Liberté pour les défenseurs des droits humains en Ethiopie

16.03.2016 par Maurice Page

L’Ethiopie retient prisonniers depuis un an trois défenseurs des droits humains, dénonce l’alliance internationale «Free Omot», à laquelle participe Pain pour le prochain. Le ministère public n’a jusqu’ici pu apporter aucune preuve devant le tribunal justifiant l’acte d’accusation qu’elle a déposé, souligne l’œuvre d’entraide protestante suisse. En conséquence, elle demande au gouvernement de libérer ces prisonniers politiques.

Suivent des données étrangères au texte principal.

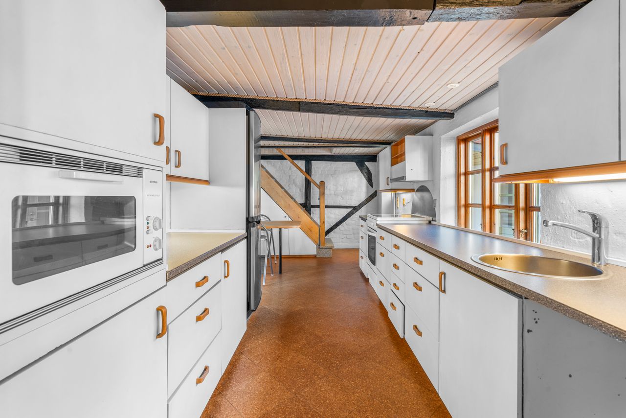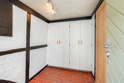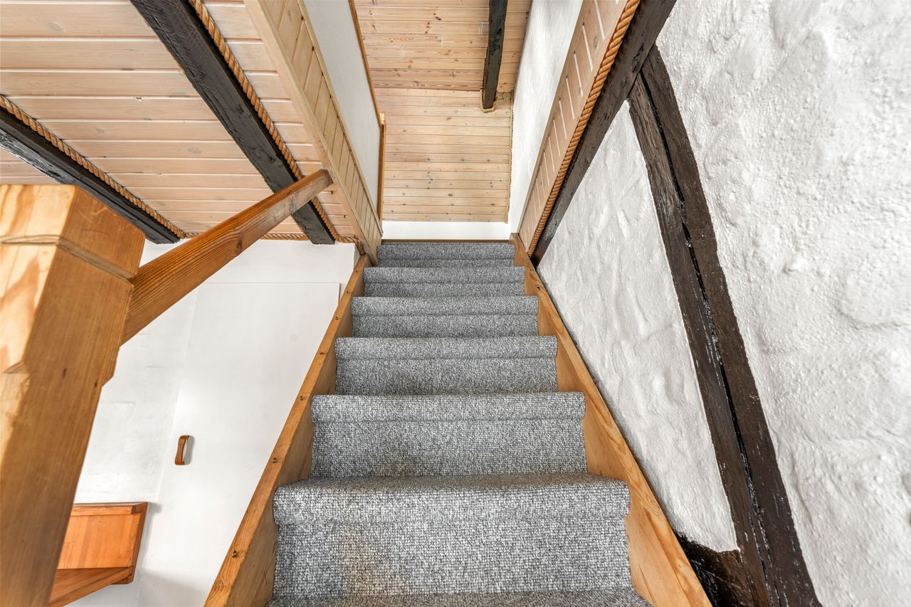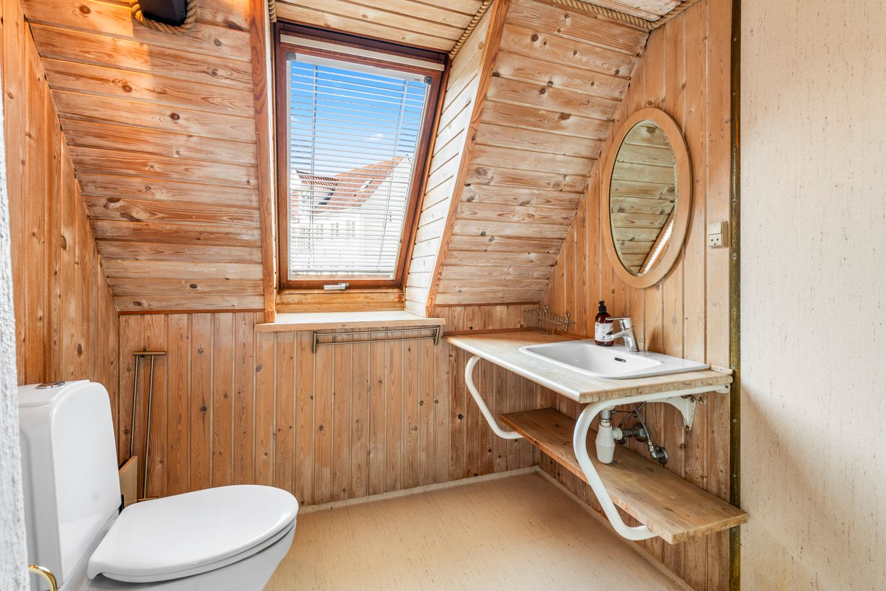 På førstesalen ligger det store soveværelse, et lyst badeværelse samt et rummeligt repos, der let kan indrettes til et ekstra værelse, hjemmearbejdsplads eller multirum. I udhuset er der desuden et ekstra toilet og endnu et disponibelt rum, som giver flere anvendelsesmuligheder – eksempelvis som opbevaring, vaskerum eller værksted.
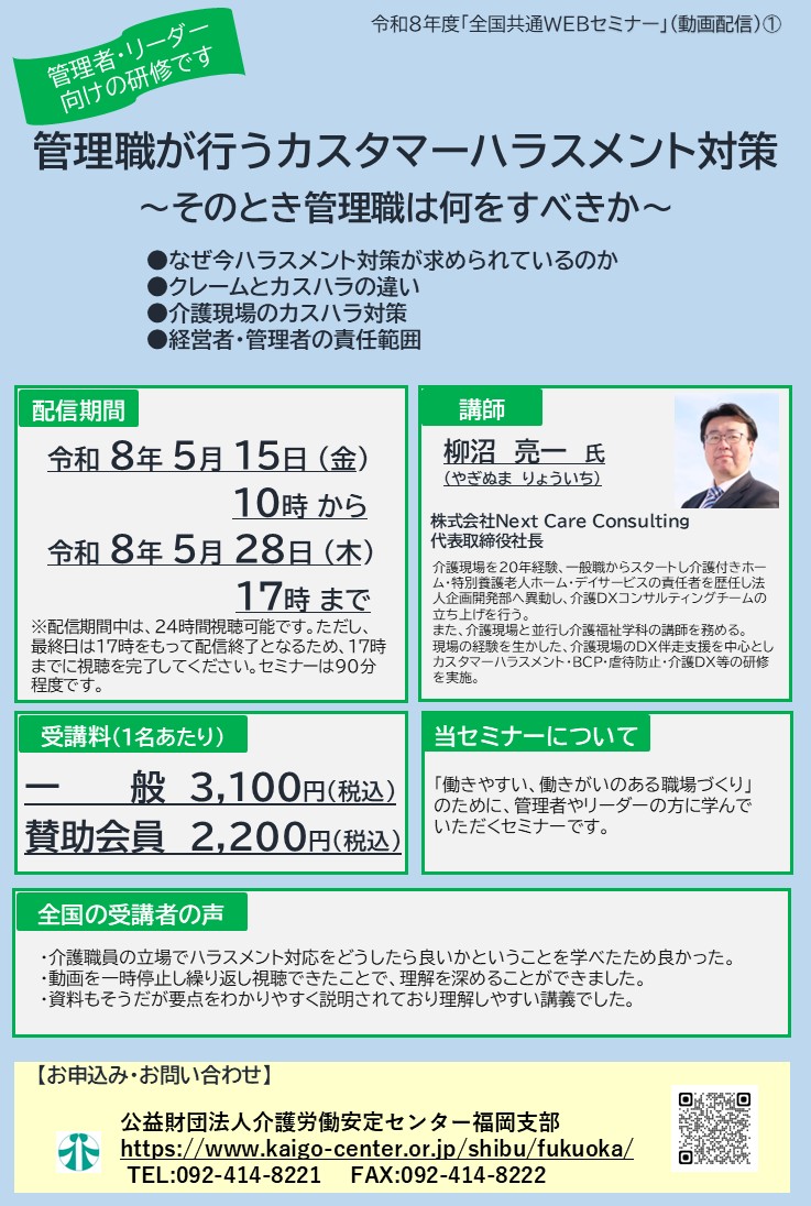 その他詳細につきましては、介護労働安定センター福岡支部(TEL 092-414-8221)までお問い合わせ下さい(^^♪

Il y a près d’un an, à l’aéroport d’Addis Abbeba, la police éthiopienne arrêtait Agwa Okwoy, Ashinie Astin et Jamal Oumar Hojele ainsi que quatre autres personnes. Ces personnes se rendaient à un atelier sur la question du droit à l’alimentation et l’accaparement des terres organisé au Kenya par Pain pour le prochain et ses organisations partenaires Grain et Anywaa Survival Organisation (Aso). Une douzaine d’experts et d’activistes de divers pays y étaient invités.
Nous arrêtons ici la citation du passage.